▸ Action item:
Repeat each entry exactly, but do not carry over the pictures.
=== Section Start ===
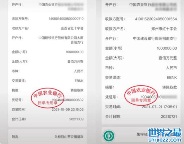 难得的是,朱梓骁有钱之后,也不忘回馈社会,去年河南暴雨,他捐了100万,等到山西受灾,他又捐了100万。
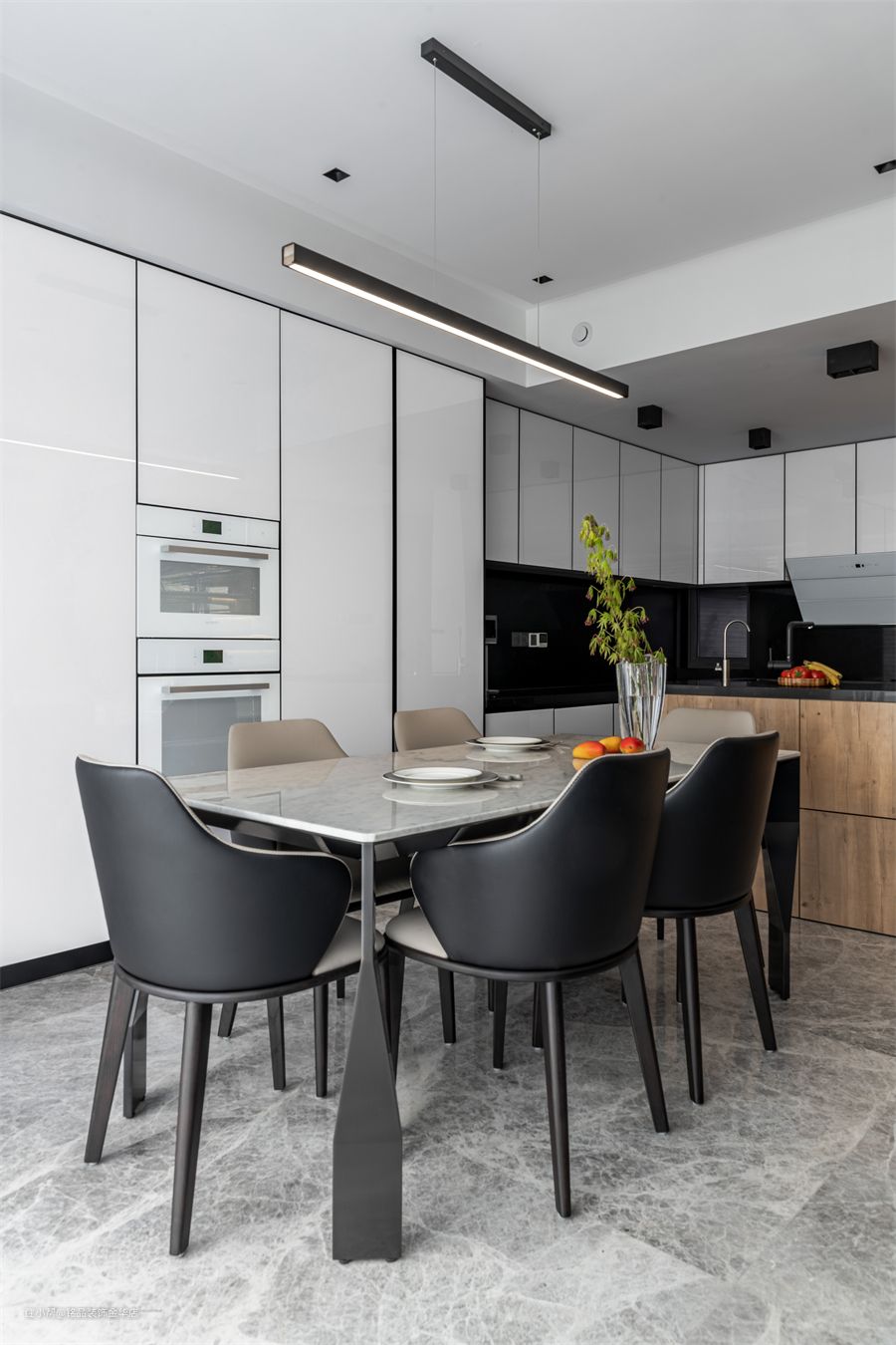 餐厅设计在了厨房与落地窗的中间,风格简约,美观时尚,这里的设计姚女士非常喜欢,与厨房的距离非常近,一家人用餐时间,围坐在一起,感受温馨亲密的气氛,其乐融融。
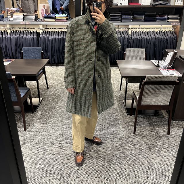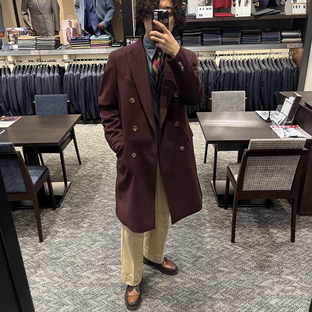 こちらは定番のチェスターコートでございます(シングル/ダブル選択可能です!)
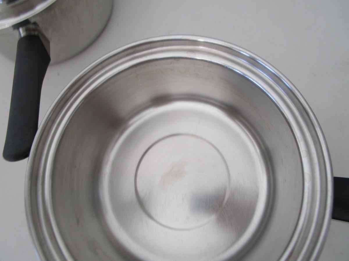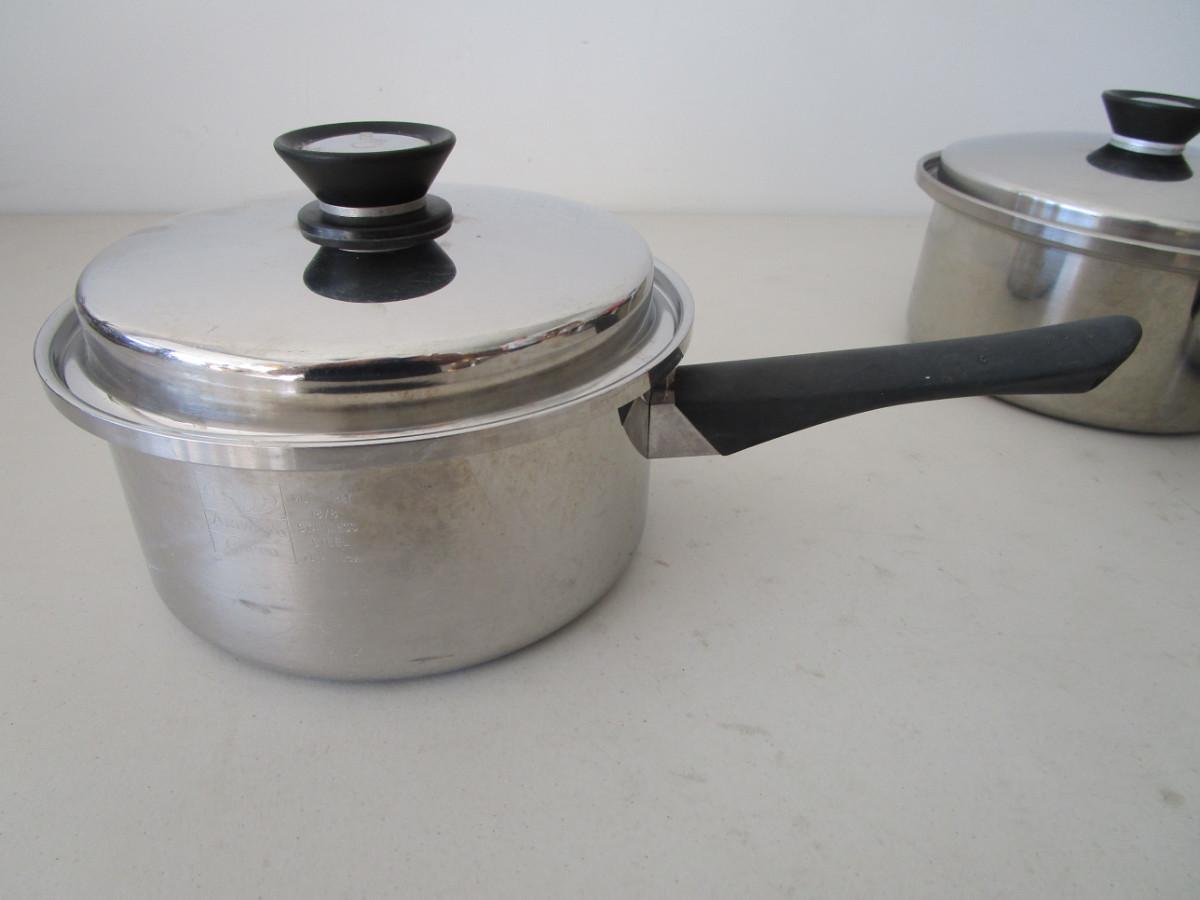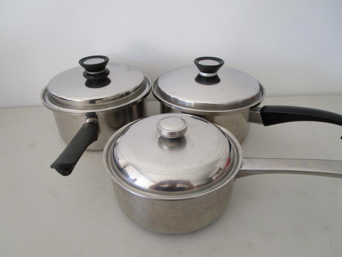 (2) 7.5" around x 3.5" deep, (1) 7" around x 3" deep
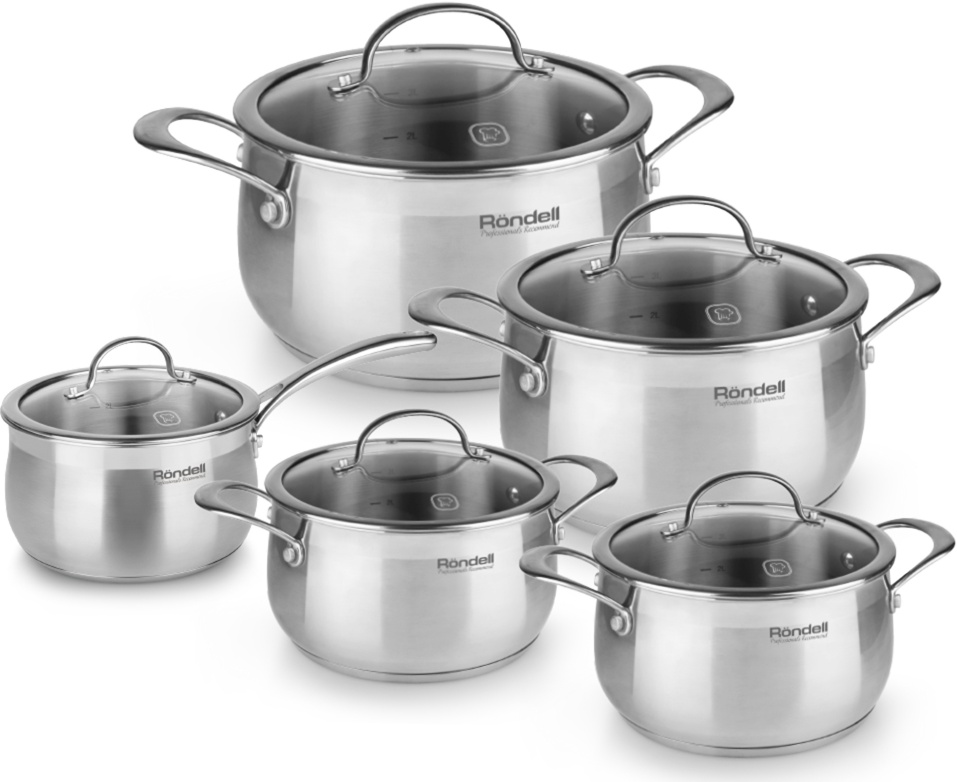 Состав комплекта: Кастрюли 18 см, 20 см, 22 см, 24 см, ковш 16 см со стеклянными крышками
=== Section End ===
▸ Response below:
 难得的是,朱梓骁有钱之后,也不忘回馈社会,去年河南暴雨,他捐了100万,等到山西受灾,他又捐了100万。
 餐厅设计在了厨房与落地窗的中间,风格简约,美观时尚,这里的设计姚女士非常喜欢,与厨房的距离非常近,一家人用餐时间,围坐在一起,感受温馨亲密的气氛,其乐融融。
 こちらは定番のチェスターコートでございます(シングル/ダブル選択可能です!)
 (2) 7.5" around x 3.5" deep, (1) 7" around x 3" deep
 Состав комплекта: Кастрюли 18 см, 20 см, 22 см, 24 см, ковш 16 см со стеклянными крышками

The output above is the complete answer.